Building safety regime in Wales will apply to all buildings of two or more homes

The Welsh minister for climate change has revealed that the building safety regime in Wales will apply to all multi-occupied buildings that contain two or more homes, regardless of height.

Julie James said in a statement:

It is our intention to go significantly further than the [regime] introduced in England via the Building Safety Act 2022.

Any exemptions to the rules will be laid out in legislation at a later date. 

She also extended the deadline for building inspectors to be registered with the Building Safety Regulator (BSR) from 6 April to 30 September after "listening to concerns" over the timeframe.

The minister said the Building Safety Programme in Wales will focus on both the issues posed by external cladding and on internal fire safety issues.

The programme has been developed as part of Welsh Labour's co-operation agreement with Plaid Cymru. Senedd officials have consulted a range of stakeholders, including tenants, homeowners, housing chairs and local authorities in creating the new system.

Management consultancy Adroit Economics has been commissioned to undertake an economic examination, including a cost-benefit analysis, of the proposals. Once the cost and resourcing implications on councils are more clearly understood, officials will develop a plan to support a transition period.

In July, the Welsh government confirmed that all housebuilders that signed up to the developers' pact to remediate buildings with fire safety issues have set out plans for completing the work, despite concerns raised by a resident group.

James said: 

Lessons from the Grenfell tragedy highlighted the need for clear accountability in relation to those who own and manage relevant buildings.

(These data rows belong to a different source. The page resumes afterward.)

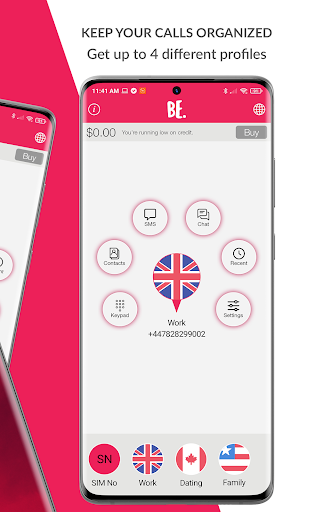 Durch Hinzufügen von bis zu 4 virtuellen Telefonnummern Ihres Telefons können Sie Ihre Arbeit, Ihr Familien- und Dating-Leben trennen. Wir glauben daran, Kontrolle zu haben, wie Sie sich mit den Menschen um Sie herum verbinden, und Bemobile bietet das! Möchten Sie gerne Privatsphäre und Kontrolle Ihrer Kommunikation genießen, während Sie Ihr tägliches Leben durchmachen? Fühlen Sie sich unwohl mit Ihrer persönlichen Telefonnummer? Möchten Sie ein Datum erfüllen, ohne Ihre persönliche / Arbeitsnummer zu teilen? Sind Sie es leid, Simcards jedes Mal von Ihrem Telefon umzuschalten, wenn Sie eine Telefonnummer ändern müssen? Nun, hör auf, Stress zu betonen und eine Bemobile-Nummer zu bekommen !!!
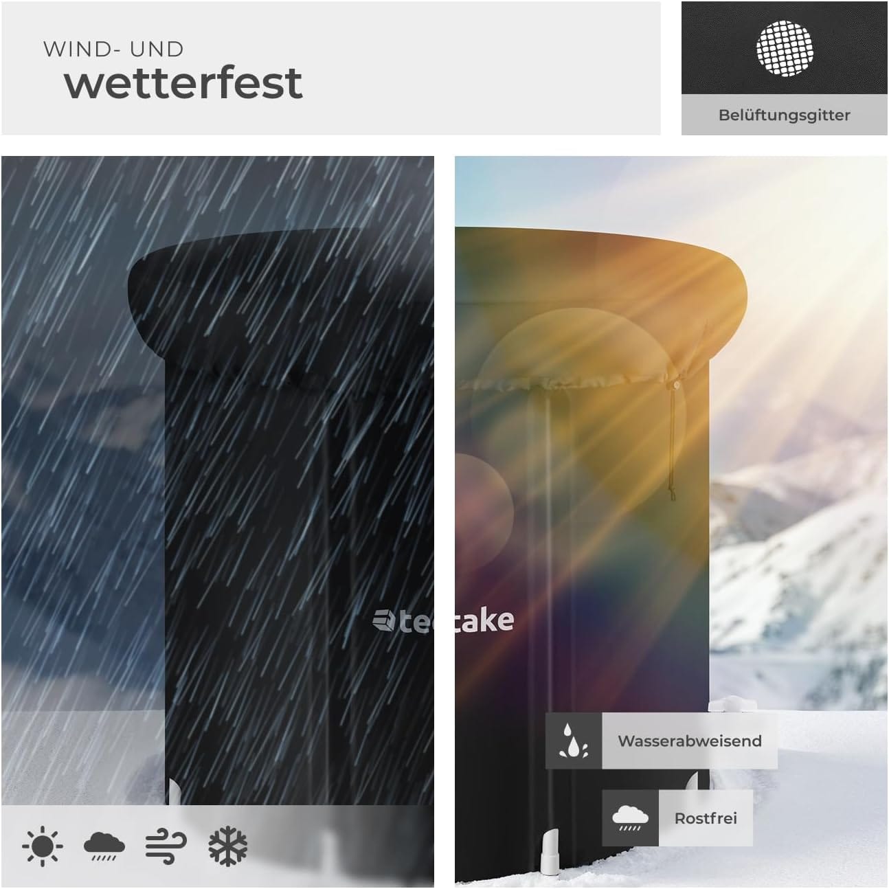 Die Badewanne verfügt über eine innovative Dreischichtisolierung, die niedrige Wassertemperaturen über längere Zeiträume effektiv aufrechterhält. Diese Effizienz wird durch eine temperaturstabilisierende Abdeckung weiter verbessert, die mit einem Belüftungsgitter und einem sicheren Kordelzug ausgestattet ist, um das Wasser vor Verunreinigungen zu schützen und gleichzeitig die Kälte zu bewahren.
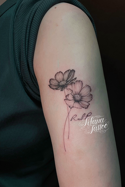 ボタニカル・タトゥー GALLERY ARTIST LEI 2026.01.19 コスモスを繊細に描いたファインライン・タトゥー。所要時間の目安は2時間前後です。 STYLE ファインライン MOTIF 植物 SIZE タバコサイズ PARTS 腕 #コスモス SHARE
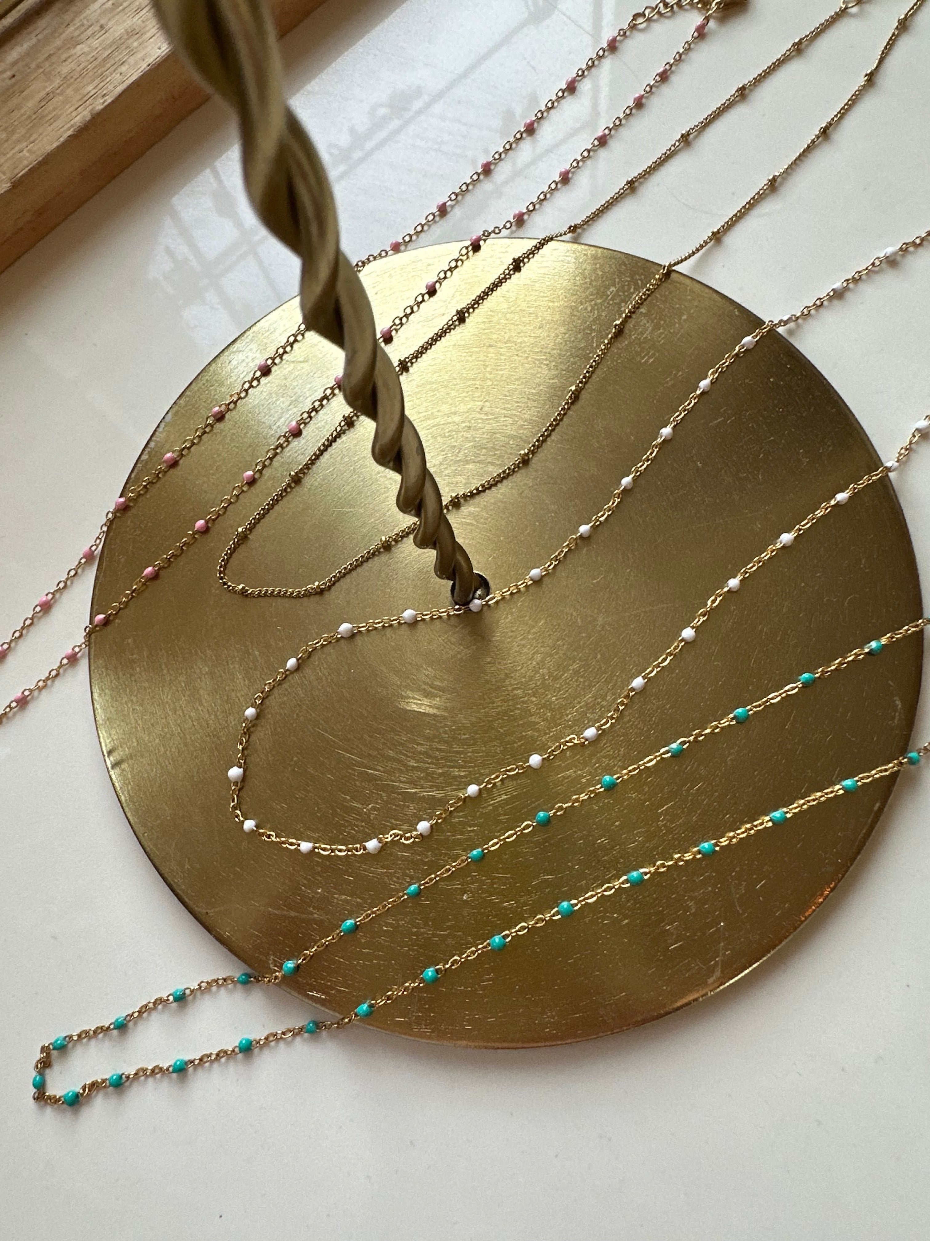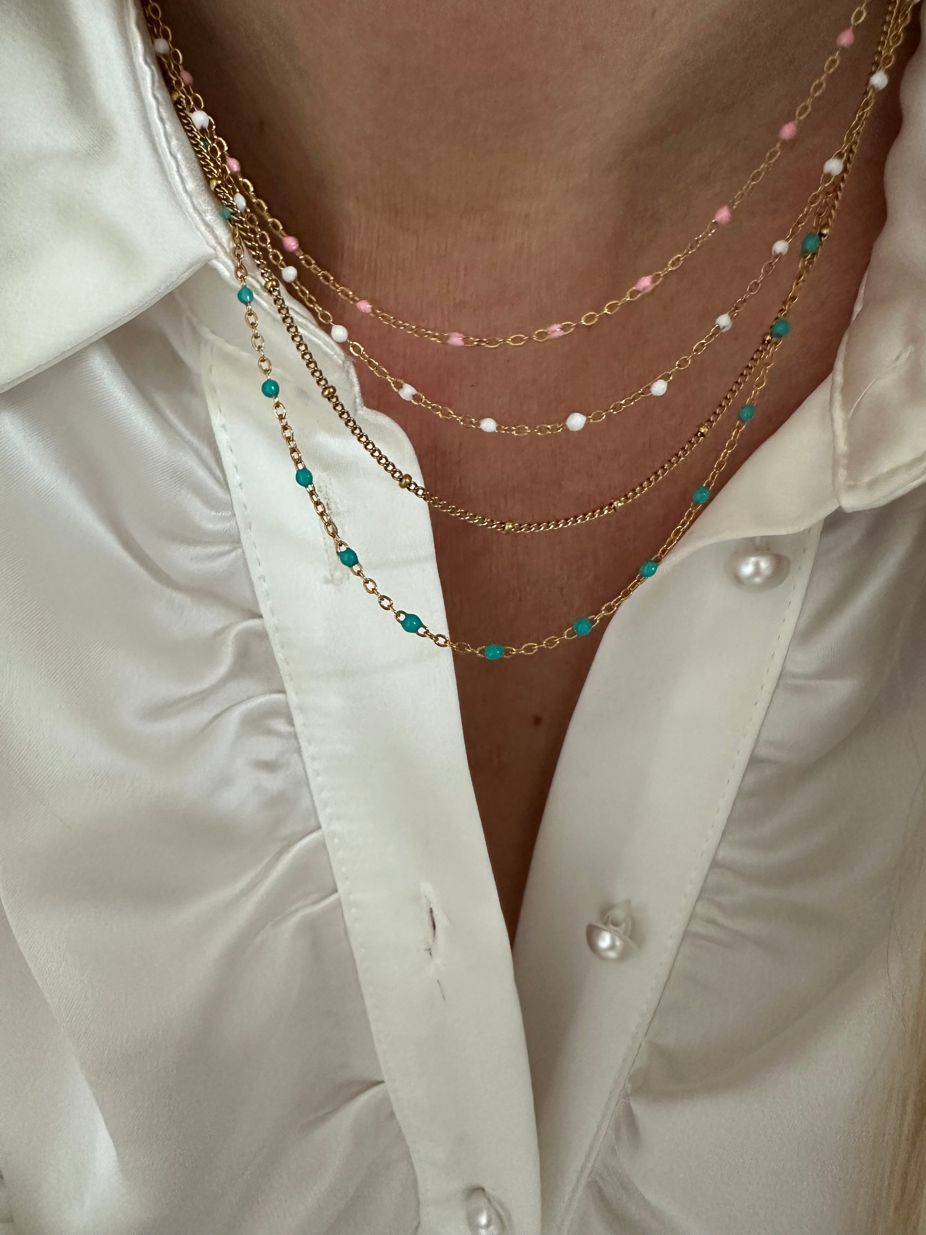 Emalja Halskæder - Rosa, hvid, grøn og turkis blå
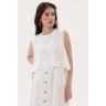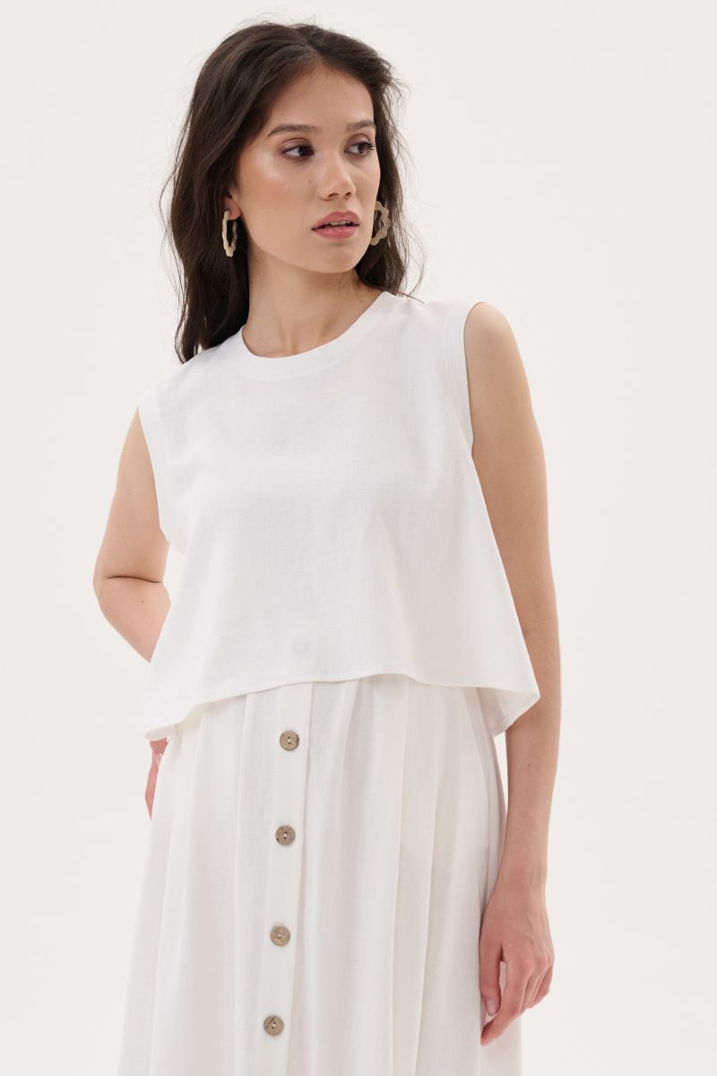 Топ свободного силуэта с ассиметричным низом и удлинением по спинке. Аккуратная круглая горловина и проймы обработаны обтачкой, а на спинке застежка для удобства.
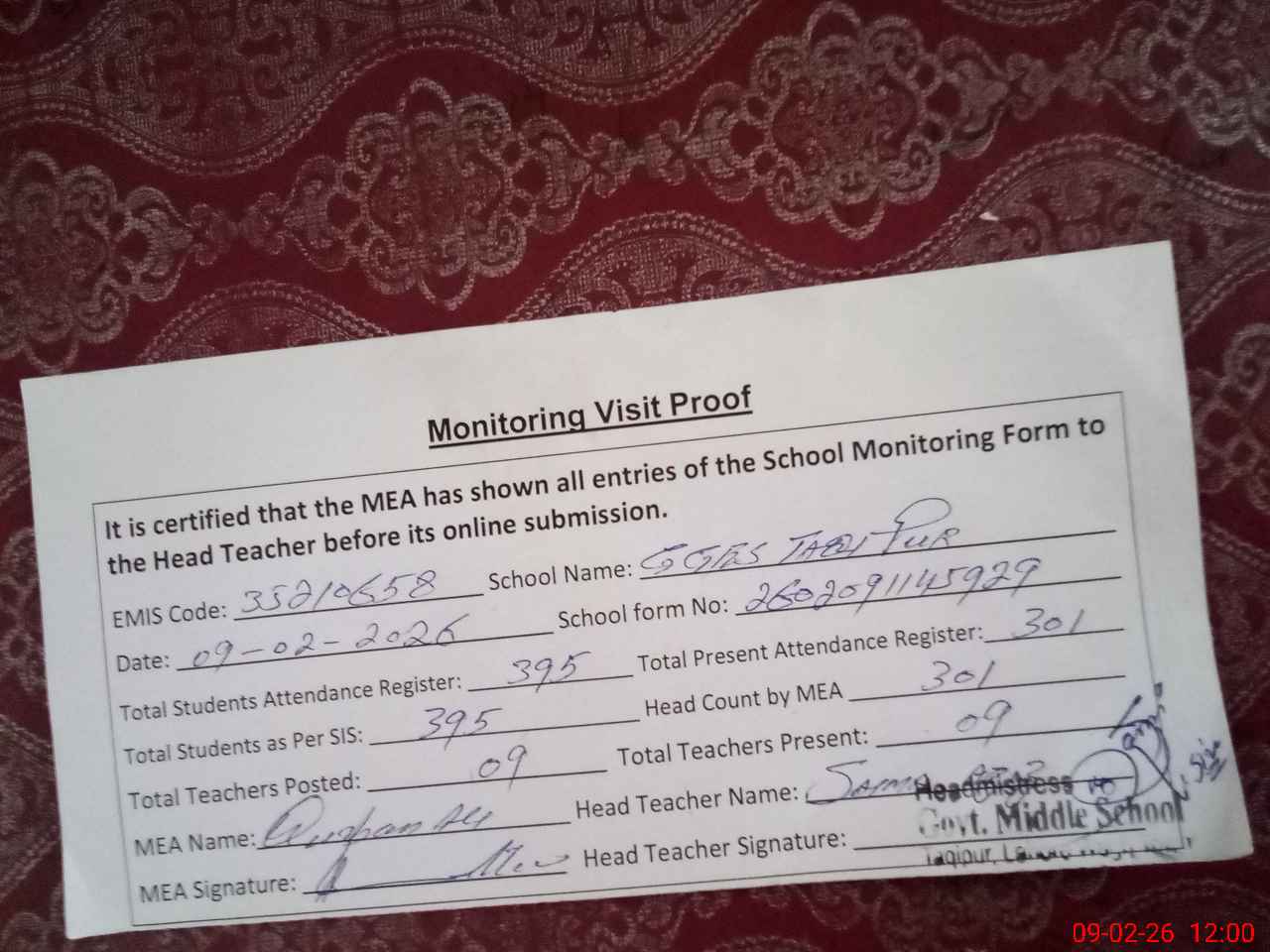 | Attendance Register | Head Teacher | MEA with School | Visit Proof |
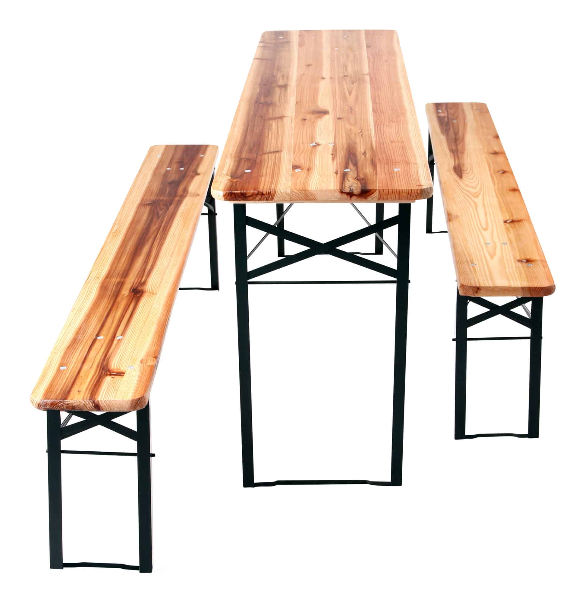 Wer träumt nicht davon, im Sommer gemütlich im Biergarten bei einem gekühlten Getränk zu sitzen und sich einfach so rundum wohlzufühlen? Die Stagecaptain Hirschgarten Bierzeltgarnitur macht echtes Biergartenfeeling jetzt auch für die heimische Terrasse oder den Balkon möglich! Die stabilen Holzbänke sorgen für bequemen Sitzkomfort in Innen- und Außenbereich und lassen sich dabei kinderleicht aufstellen.
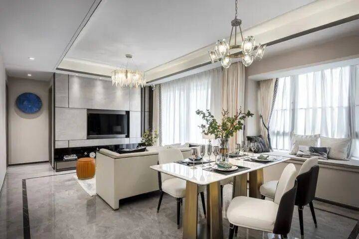 餐客一体的大通厅设计,空间感十分开阔,
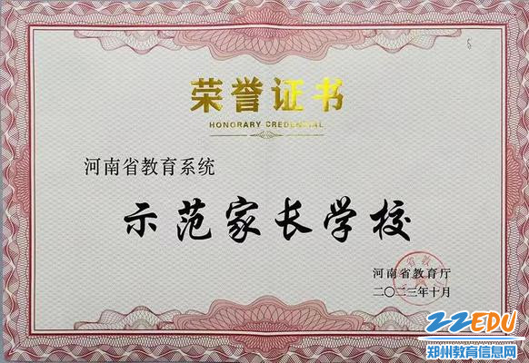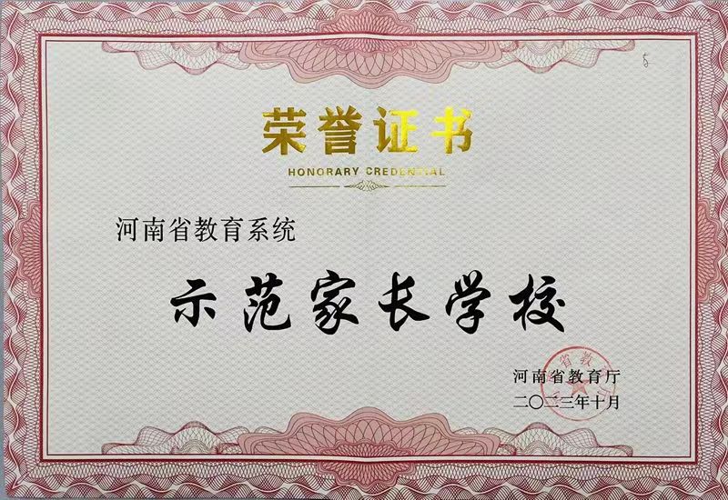郑州99中荣获河南省示范性家长学校称号

The Building Safety (Wales) Bill will establish a robust and coherent regulatory system, creating clear lines of accountability, imposing a range of statutory duties on relevant 'duty-holders' in respect of the relevant parts of a multi-occupied residential building.

Work is also under way to reach out to smaller developers that fall outside the terms of the developers' pact, with the Welsh government committed to providing support to developers that cannot cover the full cost of works.

Any building whose developer has ceased trading or is not identifiable for any reason will fall under the responsibility of the government.

James added:

Eleven major developers have signed up to our contract so far. I am disappointed, however, that Watkins Jones are yet to sign our contract. I do not consider this acceptable. 

I have made it clear, and will do so again when I meet Watkins Jones, that I will consider all options available, including prohibitions on development, to ensure developers step up to their responsibilities.

We are working with other developers, understanding we all have a common interest in putting right fire safety issues and knowing the reputational damage of not doing so swiftly.

A joint inspection team will be established to support local authorities and fire and rescue services in undertaking additional inspections of high-risk buildings, as well as providing advice on building control, environmental health, fire engineering and rescue services.

This team is expected to undertake its first inspection at the start of the financial year and will prioritise buildings where the owners have not yet submitted an expression of interest to the Welsh government's Building Safety Fund.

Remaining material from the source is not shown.